With the pictures left out, repeat every entry that follows exactly.

• [SOURCE DATA]:

※ ※ ※

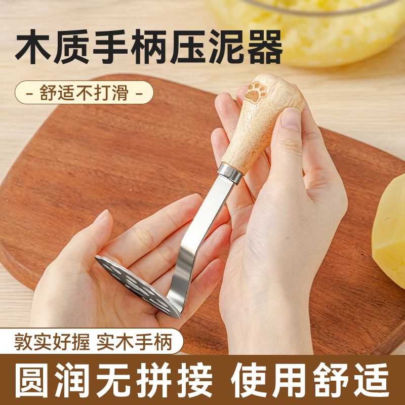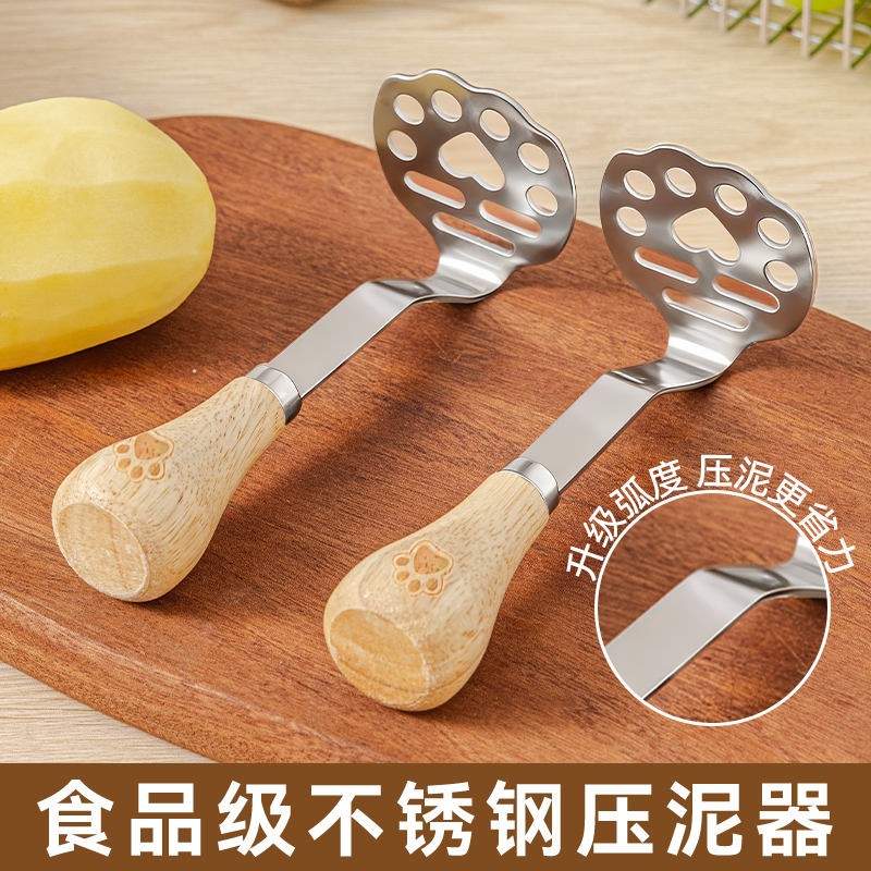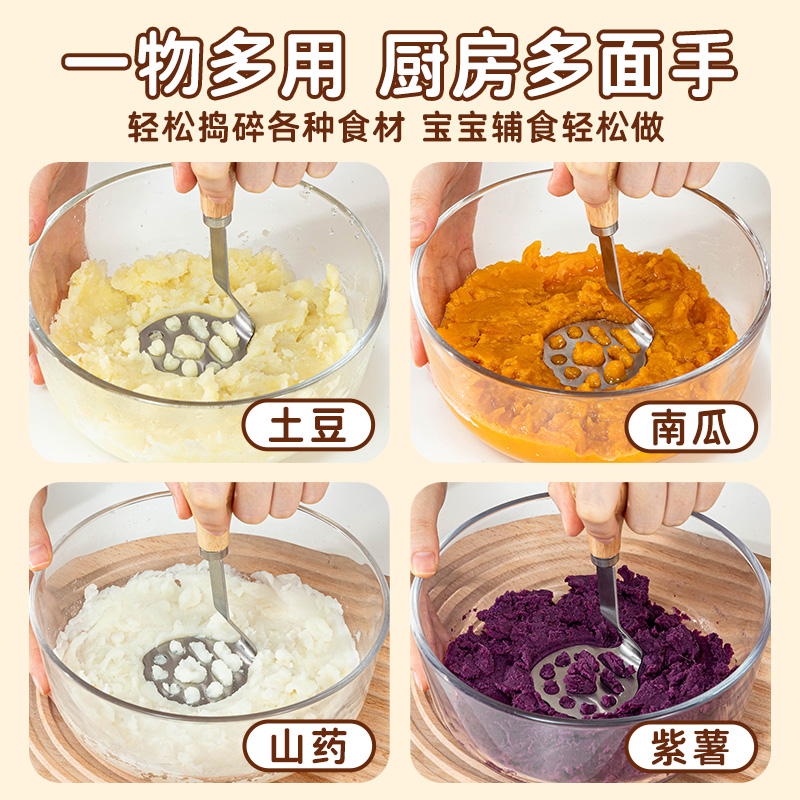 土豆压泥器婴儿辅食捣泥按压神器食品级不锈钢小熊食物压碎碾碎勺
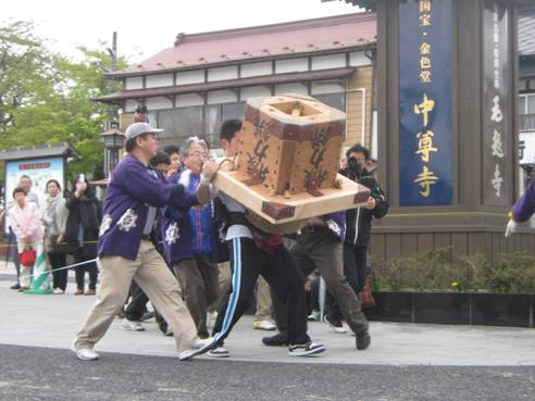 世界遺産登録で沸く平泉。GWは毎年藤原まつりが開催されますが、その最後を飾るのが平泉駅前で行われる弁慶の力餅競技。昭和元年から始まり今年(2012年)第87回と言う歴史あるイベントです。持ち上げイベントは全国各地にありますが、ここは重さ一辺が1mぐらいある巨大な三方の上に乗った餅米を三方ごと持ち上げ、どれだけの距離歩けるか、というルール。重さは160kgとのこと。腰に膨らんだ廻しを締め、その上に保存会の人たちが6,7人がかりで三方を持ち上げて逆さまに乗せます。手を離してスタート。予選通過ラインは10m。約20人が挑戦し、2回試みて通過者はわずか6名。過去最高は70数mだそうです。この日は最高が27m、続いて26m。午後からは決勝で、全員が2度ずつトライ。47年連続出場という人もいて、今年66歳。それで160kgを持ち上げたばかりか10m歩いちゃうんだからお見事。優勝は予選1位の人で32mでした。表彰式の後、最後に餅まきがあり、めでたく祭りは終了。(2012. 5. 3)
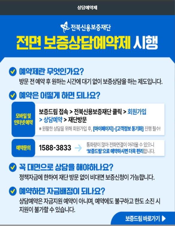 ‘희망더드림 특례보증’은 전북신용보증재단 전면 예약제를 통해 사전 예약 후 상담받는 방식이에요.
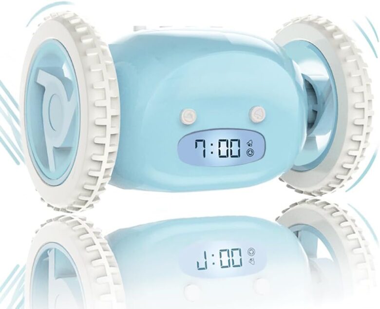 This alarm clock prevents that problem, because it wheels away and hides from you until you get out of bed and manually turn it off. Genius.
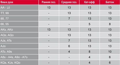Если вы делали малый блайнд и соперники ставили, используйте эту таблицу:

※ ※ ※

• [TASK OUTPUT]:
 土豆压泥器婴儿辅食捣泥按压神器食品级不锈钢小熊食物压碎碾碎勺
 世界遺産登録で沸く平泉。GWは毎年藤原まつりが開催されますが、その最後を飾るのが平泉駅前で行われる弁慶の力餅競技。昭和元年から始まり今年(2012年)第87回と言う歴史あるイベントです。持ち上げイベントは全国各地にありますが、ここは重さ一辺が1mぐらいある巨大な三方の上に乗った餅米を三方ごと持ち上げ、どれだけの距離歩けるか、というルール。重さは160kgとのこと。腰に膨らんだ廻しを締め、その上に保存会の人たちが6,7人がかりで三方を持ち上げて逆さまに乗せます。手を離してスタート。予選通過ラインは10m。約20人が挑戦し、2回試みて通過者はわずか6名。過去最高は70数mだそうです。この日は最高が27m、続いて26m。午後からは決勝で、全員が2度ずつトライ。47年連続出場という人もいて、今年66歳。それで160kgを持ち上げたばかりか10m歩いちゃうんだからお見事。優勝は予選1位の人で32mでした。表彰式の後、最後に餅まきがあり、めでたく祭りは終了。(2012. 5. 3)
 ‘희망더드림 특례보증’은 전북신용보증재단 전면 예약제를 통해 사전 예약 후 상담받는 방식이에요.
 This alarm clock prevents that problem, because it wheels away and hides from you until you get out of bed and manually turn it off. Genius.
Если вы делали малый блайнд и соперники ставили, используйте эту таблицу:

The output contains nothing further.